GIVEN DATA:
*** Begin section ***
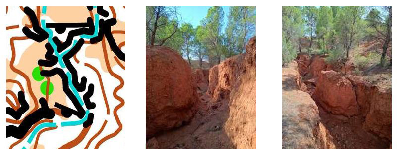 Comentarios del Trazador: En este paraje se puede apreciar cómo el agua ha degradado las montañas de arcilla creando paisajes sorprendentes y singulares, la primera toma de contacto con el terreno resulta impactante. Hay multitud de cortados y taludes de diferentes dimensiones, aproximadamente el 90% son de arcilla y el resto son de roca y muros de piedra muy antiguos realizados por el hombre para crear bancales. La vegetación se compone principalmente de bosque de pinos, el resto son encinas y sabinas. La vegetación baja, es escasa, se compone de espartos, tomillos y aliagas, por lo general el terreno está limpio, lo que nos facilitara correr más cómodamente. Todos los recorridos son algo más cortos de lo habitual, debido principalmente al desnivel acumulado, durante el recorrido hay que cruzar pequeños valles, en el centro de ellos se han formado barrancos producidos por la erosión del agua, algunos son de grandes dimensiones, se aconseja NO cruzar los barrancos saltando por encima ya que es muy peligroso, son anchos y de gran altura; Es necesario buscar las zonas de paso. Algunos corredores encontrarán cortados de gran altura en posición descendente y perpendicularmente en el sentido de carrera, éstos estarán marcados con cinta para prevenir del peligro. |
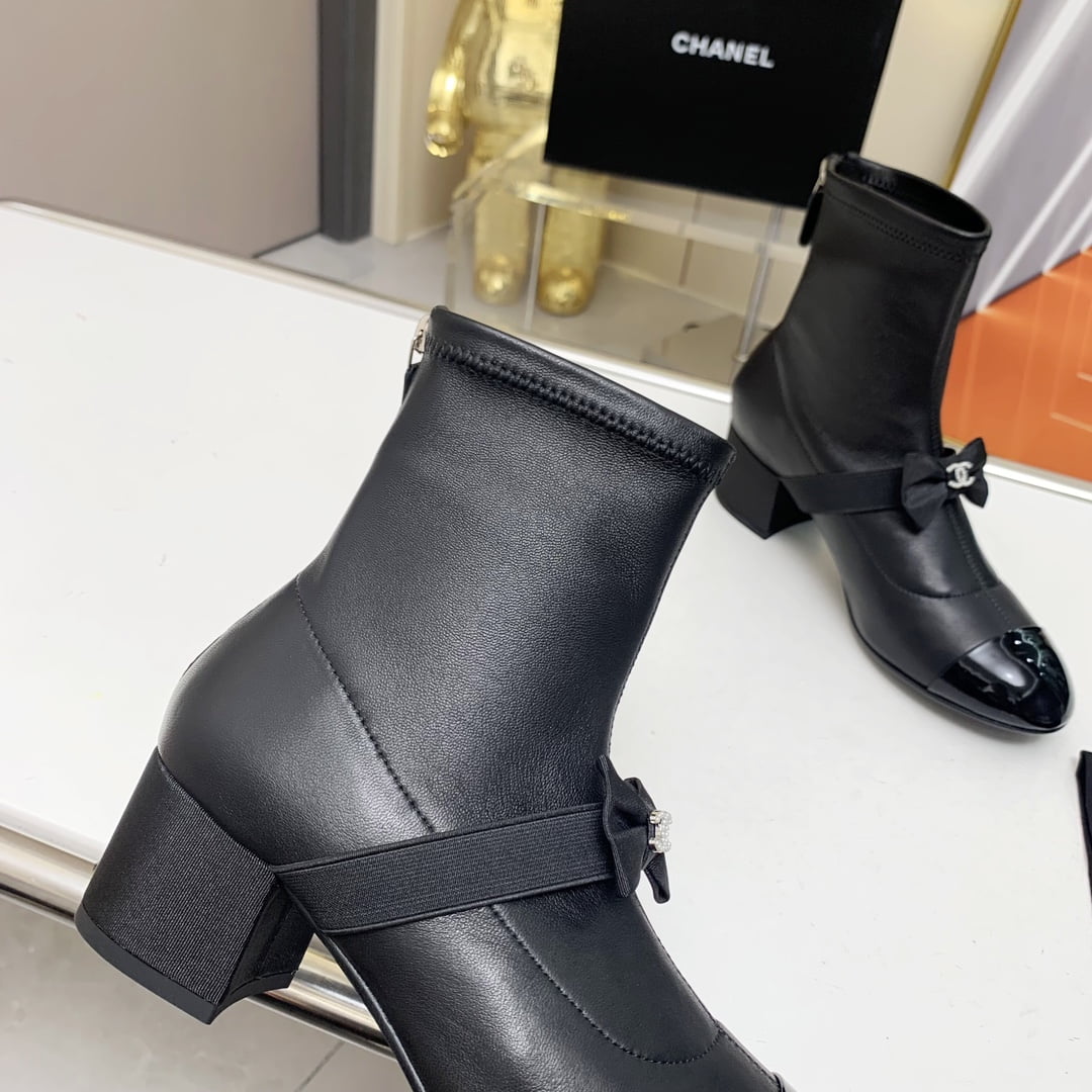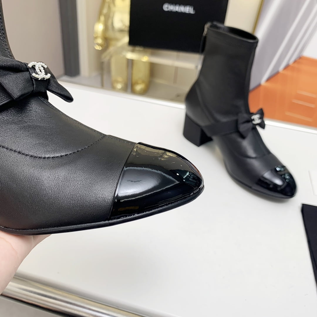 Chanel elastic sheepskin bow thick high heel cool boots, latest slim high heel boots ~ socks boots ~
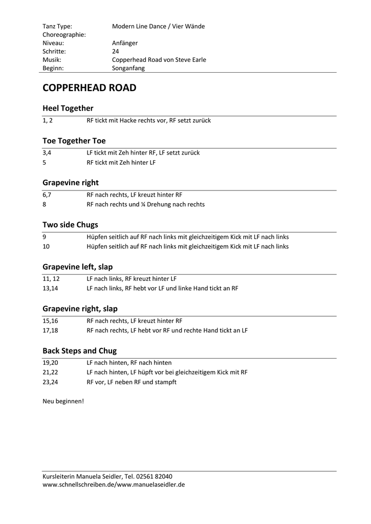 Tanz Type: Choreographie: Niveau: Schritte: Musik: Beginn: Modern Line Dance / Vier Wände Anfänger 24 Copperhead Road von Steve Earle Songanfang COPPERHEAD ROAD Heel Together 1, 2 RF tickt mit Hacke rechts vor, RF setzt zurück Toe Together Toe 3,4 5 LF tickt mit Zeh hinter RF, LF setzt zurück RF tickt mit Zeh hinter LF Grapevine right 6,7 8 RF nach rechts, LF kreuzt hinter RF RF nach rechts und ¼ Drehung nach rechts Two side Chugs 9 10 Hüpfen seitlich auf RF nach links mit gleichzeitigem Kick mit LF nach links Hüpfen seitlich auf RF nach links mit gleichzeitigem Kick mit LF nach links Grapevine left, slap 11, 12 13,14 LF nach links, RF kreuzt hinter LF LF nach links, RF hebt vor LF und linke Hand tickt an RF Grapevine right, slap 15,16 17,18 RF nach rechts, LF kreuzt hinter RF RF nach rechts, LF hebt vor RF und rechte Hand tickt an LF Back Steps and Chug 19,20 21,22 23,24 LF nach hinten, RF nach hinten LF nach hinten, LF hüpft vor bei gleichzeitigem Kick mit RF RF vor, LF neben RF und stampft Neu beginnen! Kursleiterin Manuela Seidler, Tel. 02561 82040 www.schnellschreiben.de/www.manuelaseidler.de
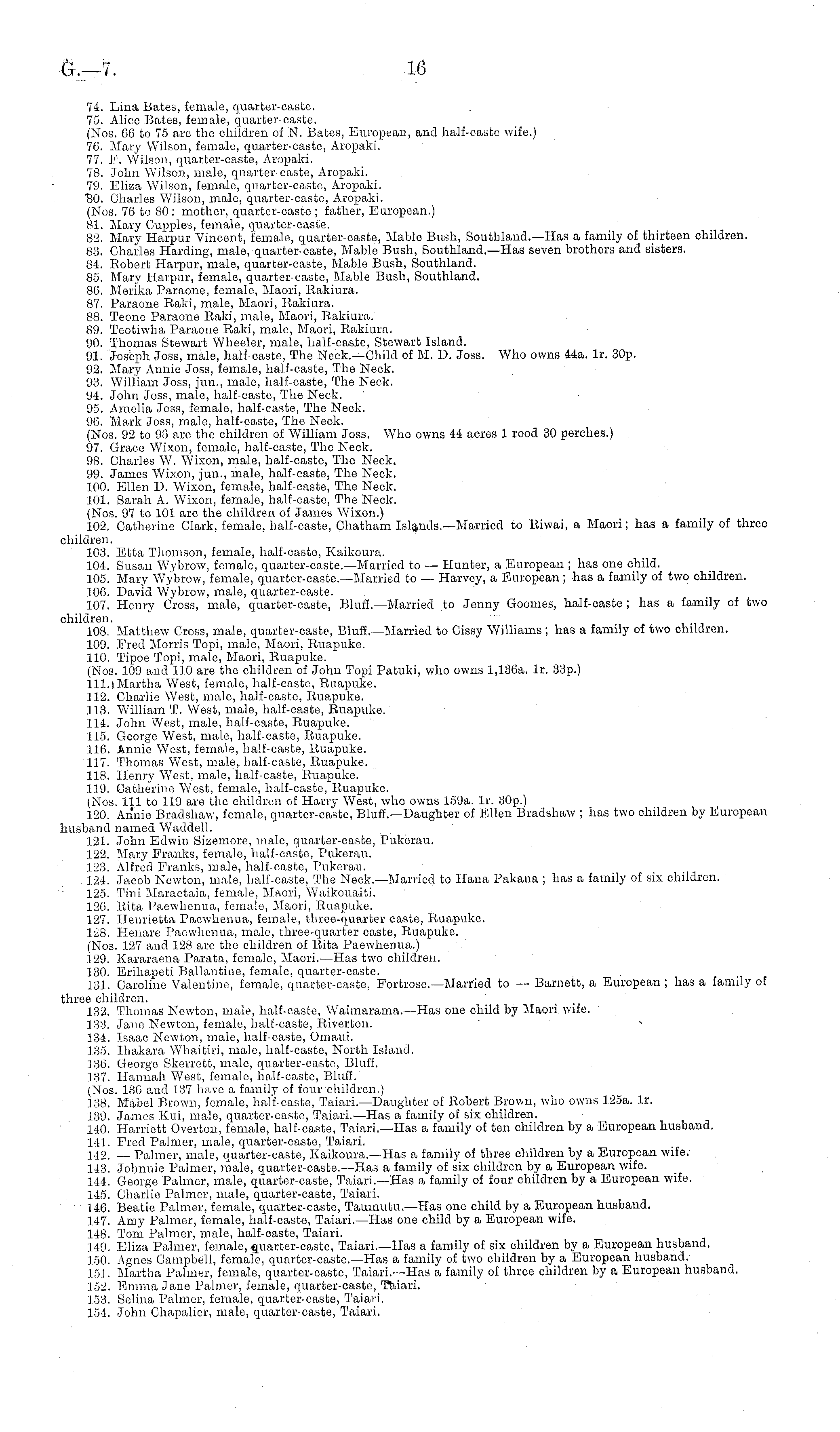 74. Lina Bates, female, quarter-caste. 75. Alice Bates, female, quarter-caste. (Nos. 66 to 75 are the children of N. Bates, European, and half-caste wife.) 76. Mary Wilson, female, quarter-caste, Aropaki. 77. F. Wilson, quarter-caste, Aropaki. 78. John Wilson, male, quarter caste, Aropaki. 79. Eliza Wilson, female, quarter-caste, Aropaki. HO. Charles Wilson, male, quarter-caste, Aropaki. (Nos. 76 to 80: mother, quarter-caste ; father, European.) 81. Mary Cupples, female, quarter-caste. 82. Mary Harpur Vincent, female, quarter-caste, Mablc Bush, Southland.—Has a family of thirteen children. 83. Charles Harding, male, quarter-caste, Mable Bush, Southland.—Has seven brothers and sisters. 84. Robert Harpur, male, quarter-caste, Mablc Bush, Southland. 85. Mary Harpur, female, quarter-caste, Mable Bush, Southland. 86. Merika Paraone, female, Maori, Rakiura. 87. Paraone Raki, male, Maori, Rakiura. 88. Teone Paraone Raki, male, Maori, Rakiura. 89. Teotiwha Paraone Raki, male, Maori, Rakiura. 90. Thomas Stewart Wheeler, male, half-caste, Stewart Island. 91. Joseph Joss, male, half-caste, The Neck.—Child of M. D. Joss. Who owns 44a. lr. 30p. 92. Mary Annie Joss, female, half-caste, The Neck. 93. William Joss, jun., male, half-caste, The Neck. 94. John Joss, male, half-caste, The Neck. 95. Amelia Joss, female, half-caste, The Neck. 90. Mark Joss, male, half-caste, The Neck. (Nos. 92 to 96 are the children of William Joss. Who owns 44 acres 1 rood 30 perches.) 97. Grace Wixon, female, half-caste, The Neck. 98. Charles W. Wixon, male, half-caste, The Neck. 99. James Wixon, jun., male, half-caste, 'The Neck. 100. Ellen D. Wixon, female, half-caste, The Neck. 101. Sarah A. Wixon, female, half-caste, The Neck. (Nos. 97 to 101 are the children of James Wixon.) 102. Catherine Clark, female, half-caste, Chatham Islands.—Married to Riwai, a Maori; has a family of three children. 103. Etta Thomson, female, half-caste, Kaikoura. 104. Susan Wybrow, female, quarter-caste. —Married to — Hunter, a European ; has one child. 105. Mary Wybrow, female, quarter-caste.—Married to — Harvey, a European; has a family of two children. 106. David Wybrow, male, quarter-caste. 107. Henry Cross, male, quarter-caste, Bluff.—Married to Jenny Goomes, half-caste ; has a family of two children. 108. Matthew Cross, male, quarter-caste, Bluff.—Married to Cissy Williams ; has a family of two children. 109. Fred Morris Topi, male, Maori, Ruapuke. 110. Tipoe Topi, male, Maori, Ruapuke. (Nos. 109 aud 110 are the children of John Topi Patuki, who owns 1,136 a. lr. 33p.) 111.! Martha West, female, half-caste, Ruapuke. 112. Charlie West, male, half-caste, Ruapuke. 113. William T. West, male, half-caste, Ruapuke. 114. John West, male, half-caste, Ruapuke. 115. George West, male, half-caste, Ruapuke. 116. Annie West, female, half-caste, Ruapuke. 117. Thomas West, male, half-caste, Ruapuke. 118. Henry West, male, half-caste, Ruapuke. 119. Catherine West, female, half-caste, Ruapuke. (Nos. 11l to 119 are the children of Harry West, who owns 159 a. lr. 30p.) 120. Annie Bradshaw, female, quarter-caste, Bluff.—Daughter of Ellen Bradshaw ; has two children by European husband named Waddell. 121. John Edwin Sizemore, male, quarter-caste, Pukerau. 122. Mary Franks, female, half-caste, Pukerau. 123. Alfred Franks, male, half-caste, Pukerau. 124. Jacob Newton, male, half-caste, The Neck.—Married to Hana Pakana ; has a family of six children. 125. Tini Maraetaia, female, Maori, Waikouaiti. 126. Rita Paewhenua, female, Maori, Ruapuke. 127. Henrietta Paewhenua, female, three-quarter caste, Ruapuke. 128. Henare Paewhenua, male, three-quarter caste, Ruapuke. (Nos. 127 and 128 are the children of Rita Paewhenua.) 129. Kararaena Parata, female, Maori. —Has two children. 130. Erihapeti Ballantine, female, quarter-caste. 131. Caroline Valentine, female, quarter-caste, Fortrose— Married to — Baruett, a European ; has a family of three children. 132. Thomas Newton, male, half-caste, Waimarama. —Has one child by Maori wife. 133. Jane Newton, female, half-caste, Riverton. 134. Isaac Newton, male, half-caste, Omaui. 135. Ihakara Whaitiri, male, half-caste, North Island. 136. Georgo Skerrett, male, quarfcer-caste, Bluff. 137. Hannah West, female, half-caste, Bluff. (Nos. 136 and 137 have a family of four children.) 138. Mabel Brown, female, half-caste, Taiari.—Daughter of Robert Brown, who owns 125 a. lr. 139. James Kui, male, quarter-caste, Taiari. —Has a family of six children. 140. Harriett Overton, female, half-caste, Taiari.—Has a family of ten children by a European husband. 141. Fred Palmer, male, quarter-caste, Taiari. 142. _ Palmer, male, quarter-caste, Kaikoura.—Has a family of three children by a European wife. 143. Johnnie Palmer, male, quarter-caste.—Has a family of six children by a European wife. 144. George Palmer, male, quarter-caste, Taiari.—Has a family of four children by a European wife. 145. Charlie Palmer, male, quarter-caste, Taiari. 146. Beatie Palmer, female, quarter-caste, Taumutu.—Has one child by a European husband. 147. Amy Palmer, female, half-caste, Taiari. —Has one child by a European wife. 148. Tom Palmer, male, half-caste, Taiari. 149. Eliza Palmer, female,-quarter-caste, Taiari.—Has a family of six children by a European husband. 150. Agnes Campbell, female, quarter-caste.—Has a family of two children by a European husband. 151. Martha Palmer, female, quarter-caste, Taiari.—Has a family of three children by a European husband. 152. Emma Jane Palmer, female, quarter-caste, Taiari. 153. Selina Palmer, female, quarter-caste, Taiari. 154. John Chapalicr, male, quarter-caste, Taiari.
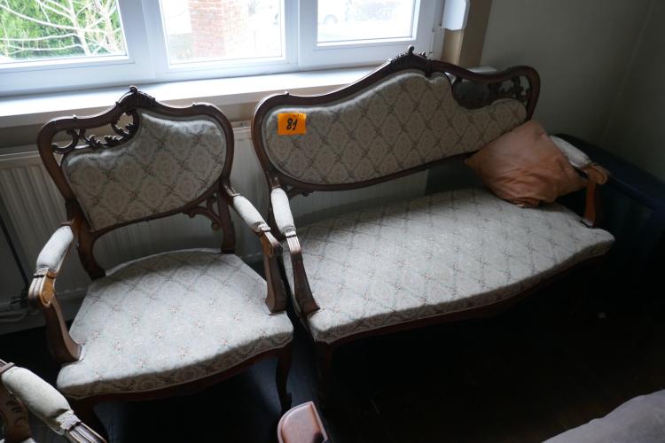 Antieken bank met bijhorende fauteuils en stoelen in een klassieke Rococo stijl met gedetailleerd snijwerk - 5 meubelstukken
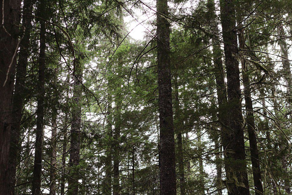 The trees are towering. Did you know that a ring of the tree represents one year? The rings closest to the bark are the youngest.
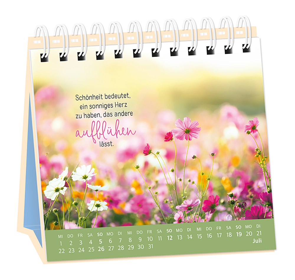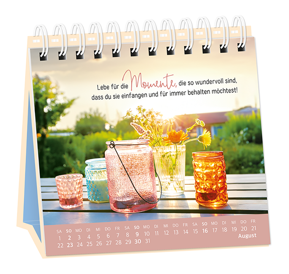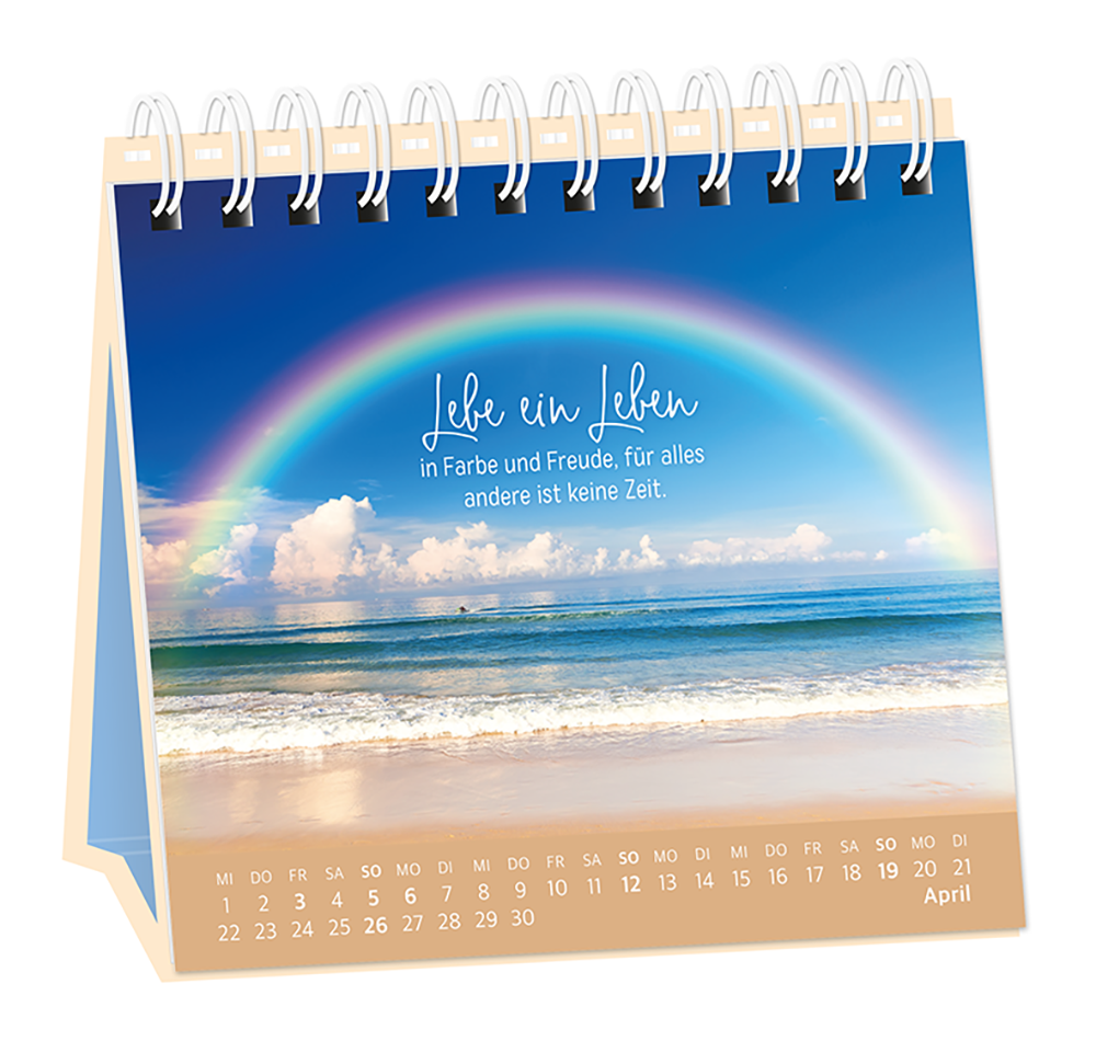 Der Tischkalender versprüht Monat für Monat ganz viel Lebens- und Farbenfreude. Inklusive einer Jahresübersicht und der wichtigsten Feier- und Festtage.
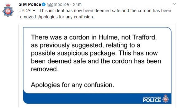 "There was a cordon in Hulme, not Trafford as previously suggested, relating to a possible suspicious package," Greater Manchester Police said in a statement.
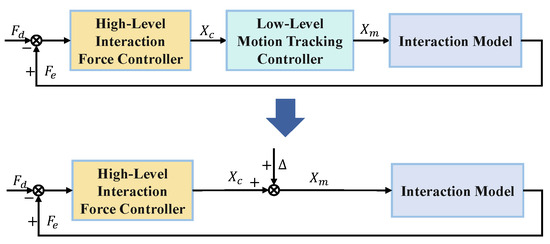 Currently, the widely studied and employed interaction force control framework comprises two coupled components: force modulation in the high-level loop and position tracking in the low-level loop, as illustrated in Figure 2. The commands generated by the force controller in the high-level loop are transmitted to the lower-level motion controller to achieve the desired interaction behavior. This indicates that the accuracy of the low-level motion tracking controller significantly affects the performance of the interaction force control. For the sake of simplicity, all the existing studies typically assume that the low-level motion controller can perfectly track the commanded trajectory, i.e., [10,15,20]. However, motion tracking errors always exist in the low-level loop in practice, which significantly hinders the achievement of accurate force control [25,26] and can be formulated as an unknown input disturbance of the high-level force control.
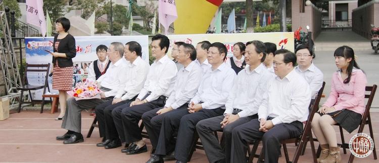 主席台前就座的有馥华奖学金创立人我校1953届著名校友李大潜院士(下图前排左一)、高一新生代表和家长代表、2011届校友代表、本届馥华奖学金获奖者以及我校领导和各部门负责人。仪式由我校团委副书记张云老师主持。
*** End section ***
WHAT YOU ARE ASKED TO DO:
An exact restatement is expected of the lines from the line containing "The trees are" to the end of the data above, pictures excluded.

RESULT:
 The trees are towering. Did you know that a ring of the tree represents one year? The rings closest to the bark are the youngest.
 Der Tischkalender versprüht Monat für Monat ganz viel Lebens- und Farbenfreude. Inklusive einer Jahresübersicht und der wichtigsten Feier- und Festtage.
 "There was a cordon in Hulme, not Trafford as previously suggested, relating to a possible suspicious package," Greater Manchester Police said in a statement.
 Currently, the widely studied and employed interaction force control framework comprises two coupled components: force modulation in the high-level loop and position tracking in the low-level loop, as illustrated in Figure 2. The commands generated by the force controller in the high-level loop are transmitted to the lower-level motion controller to achieve the desired interaction behavior. This indicates that the accuracy of the low-level motion tracking controller significantly affects the performance of the interaction force control. For the sake of simplicity, all the existing studies typically assume that the low-level motion controller can perfectly track the commanded trajectory, i.e., [10,15,20]. However, motion tracking errors always exist in the low-level loop in practice, which significantly hinders the achievement of accurate force control [25,26] and can be formulated as an unknown input disturbance of the high-level force control.
 主席台前就座的有馥华奖学金创立人我校1953届著名校友李大潜院士(下图前排左一)、高一新生代表和家长代表、2011届校友代表、本届馥华奖学金获奖者以及我校领导和各部门负责人。仪式由我校团委副书记张云老师主持。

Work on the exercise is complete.